Registrata negli atti del Concilio di papa Simmaco nel 499 e annoverata tra le stazioni quaresimali di Roma durante il pontificato di papa Gregorio Magno, la chiesa venne restaurata una prima volta già nell’VIII secolo. Nel 1238 fu rinnovata dalle fondamenta da papa Gregorio IX, che la riconsacrò dedicandola ai Santi Eusebio e Vincenzo, come è documentato da lunga iscrizione marmorea che ancora si può leggere nel portico. Nel Medioevo, la chiesa fu affidata ai monaci celestini e nel monastero annesso alla chiesa alla fine del Cinquecento si insediò una delle prime stamperie della città. All’inizio dell’Ottocento il complesso passò ai Gesuiti, che vi rimasero fino al 1873, quando il monastero divenne proprietà del governo italiano, mentre la chiesa divenne poco dopo parrocchia e fu affidata al clero secolare.

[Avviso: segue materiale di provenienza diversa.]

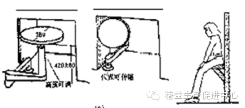 立姿工作易疲劳,条件允许时,应提供临时座位供作业者工间短时休息。临时座位不应影响立姿作业自由走动和操作。下图分别是摇动旋转式和回跳式临时座位。
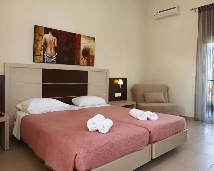 U sobama: klima-uredjaj, SAT TV, sef u pojedinim sobama (uz doplatu na licu mesta), frižider, kupatilo/tuš, fen, telefon, balkon/terasa. Max. do 3 odrasle osobe ili 2 odrasle + 2 deteta.
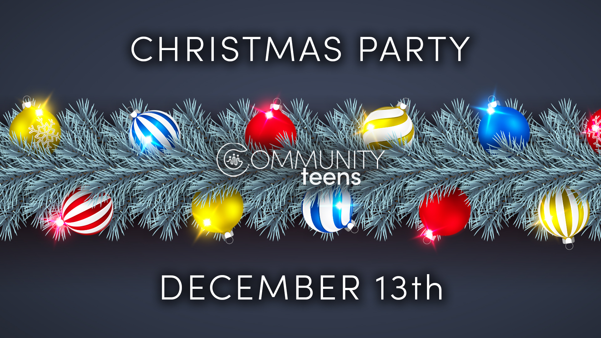Celebrate the season with us at the Community Teens Christmas Party on Saturday, December 13, from 3–6 PM! Enjoy holiday games, fellowship, and dinner provided. Be sure to sign up and bring your friends for a festive afternoon of fun!
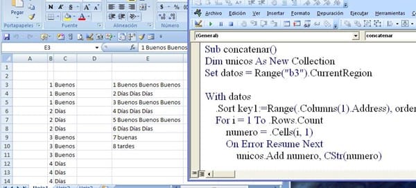 If k > 1 Then conca = conca & " " & duplicados.Cells(k, 2)
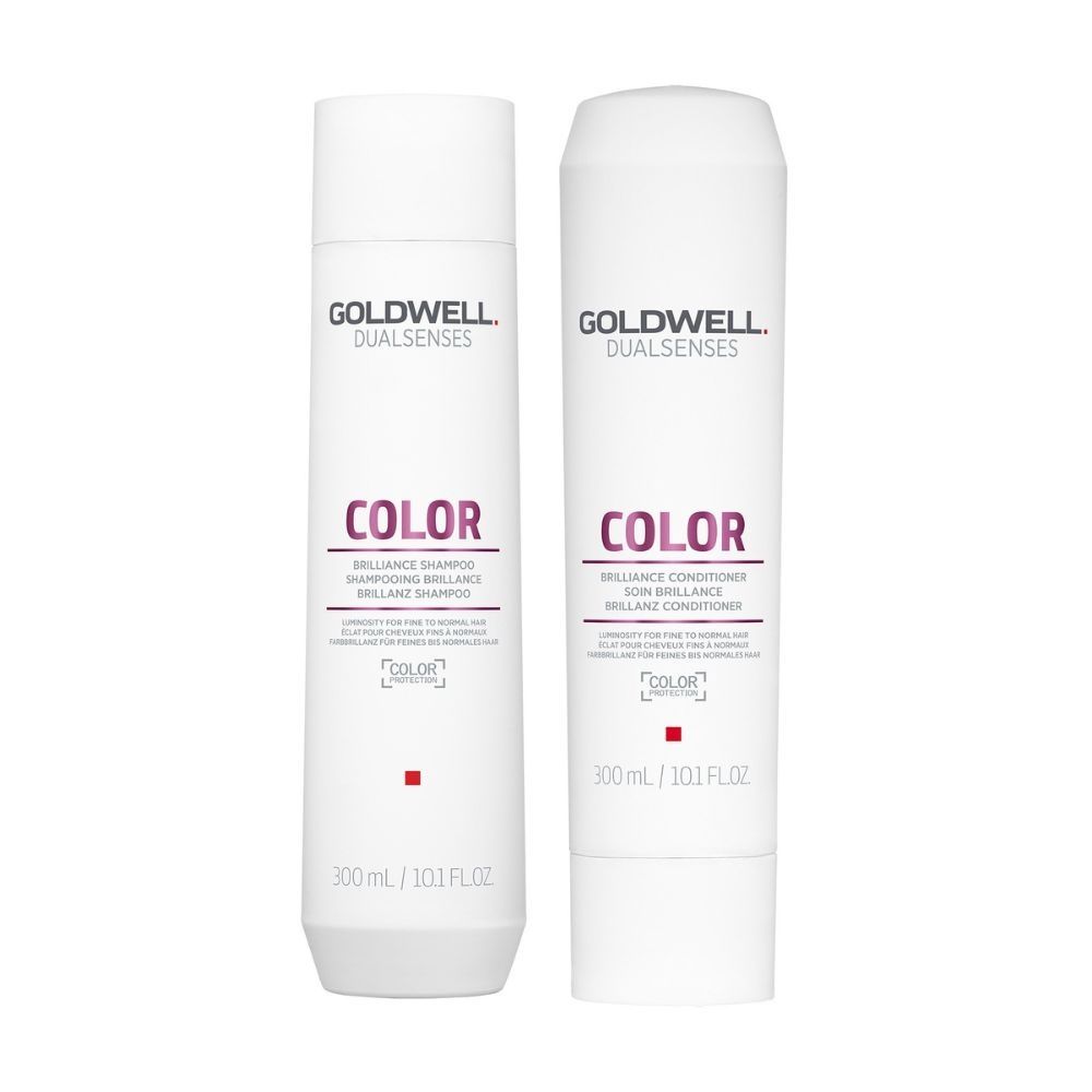 The Goldwell Dualsenses Color Brilliance Bundle is a professional haircare duo designed to protect colour vibrancy, enhance brilliance, and nourish fine to normal colour-treated hair.

Per i numerosi restauri e rifacimenti che hanno segnato la sua storia plurisecolare, della chiesa duecentesca rimane oggi solo il campanile con trifore. L’aspetto attuale della chiesa risale infatti per lo più al Settecento: la facciata elegante e movimentata con un portico a cinque archi fu realizzata nel 1711 da Carlo Stefano Fontana, nipote del più celebre Carlo Fontana, sotto il pontificato di Clemente XI. La scalinata a doppia rampa di accesso alla chiesa, che è rialzata rispetto al piano stradale, è molto più recente ed è dovuta ai lavori di sbancamento per la realizzazione di piazza Vittorio Emanuele II e della nuova zona residenziale sul colle Esquilino dopo la proclamazione dell’Unità d’Italia.
L’interno della chiesa, ristrutturato nel Seicento da Onorio Longhi (al quale si deve l’altare maggiore e l’area del presbiterio) e da Niccolò Picconi attorno alla metà del Settecento, ha una sobria decorazione a stucchi bianchi e dorati. L’opera più interessante è l’affresco della volta con la “Gloria di Sant’Eusebio” accompagnato da una moltitudine di figure angeliche: commissionato ad Anton Raphael Mengs nel 1757, è la prima grande commissione dell’artista boemo acclamato in tutta Europa come il maggiore esponente dell’arte neoclassica. Dalla sagrestia si può ammirare il chiostro attribuito a Domenico Fontana, oggi appartenente alle Forze di Polizia dello Stato italiano.
Più che per la sua storia e per le sue opere di pregio, la chiesa è nota ai romani soprattutto per la caratteristica benedizione degli animali che ogni anno si svolge sul suo sagrato il 17 gennaio, in occasione della festa di Sant’Antonio abate: una tradizione che all’Esquilino nasce nel 1437 e che fu trasferita nella chiesa di Sant’Eusebio ai primi del Novecento per motivi di sicurezza e ordine pubblico dalla vicina chiesa di Sant’Antonio Abate.